# SAFE!!!-Need Transport help to Rescue in NC!



## Karen519 (Aug 21, 2006)

*GoldenMum*

Are there any other GR Rescues or other rescues close to there?
Are there any members on here that live close to the shelter?
Does it have to be a rescue to pull him or can a person do it?

Is he on Facebook? Is there a link?


----------



## GoldenMum (Mar 15, 2010)

A person can pull, TGRR just needs to submit the paperwork. We just need someone in the area, hate to see him fall through the cracks!


----------



## Buddy's mom forever (Jun 23, 2011)

My computer is giving me a hard time after the update done 2 months ago so I cant see what you've posted there, I am sure it is sweet sugar face.
I know in the good old forum times transports were arranged for thousands miles distances, hope someone can help with the transport this time too.
Good luck!


----------



## Buddy's mom forever (Jun 23, 2011)

Bump up...


----------



## Karen519 (Aug 21, 2006)

*GoldenMum*

GoldenMum

Bumping up.
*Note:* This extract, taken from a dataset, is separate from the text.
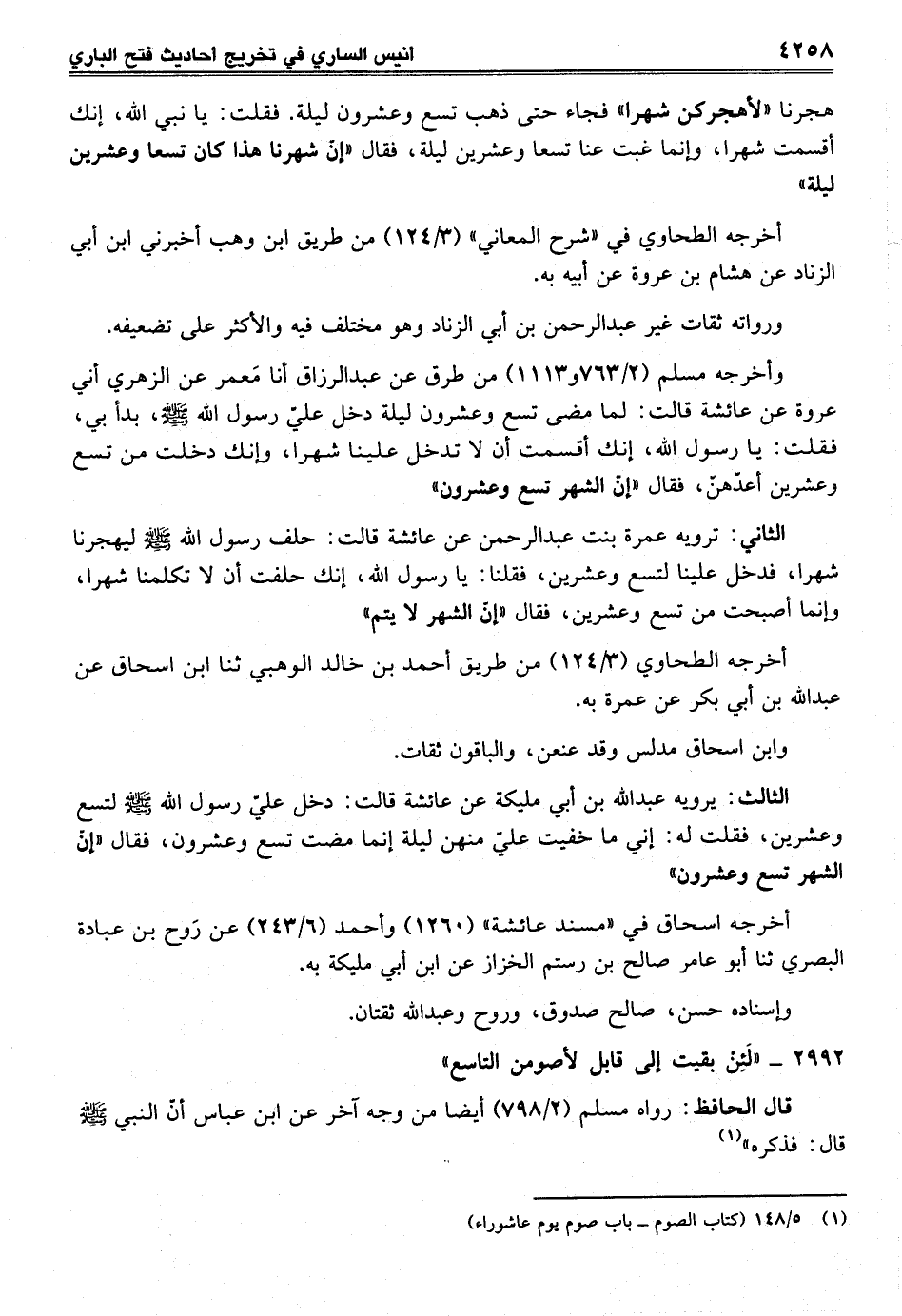 هجرنا "لأهجركن شهرا" فجاء حتى ذهب تسع وعشرون ليلة. فقلت: يا نبي الله، إنك أقسمت شهرا، وإنما غبت عنا تسعا وعشرين ليلة، فقال "إن شهرنا هذا كان تسعا وعشرين ليلة"

HOpe someone nearby can help!!


----------



## GoldenMum (Mar 15, 2010)

No longer needed, this boy is safe!


----------



## Buddy's mom forever (Jun 23, 2011)

Great news, thank you for the update and big thanks to those who are helping to save this guy.


----------



## Karen519 (Aug 21, 2006)

*GoldenMum*

GoldenMum

So glad he is safe! Is he out of the shelter? Was transport arranged to the rescue?


----------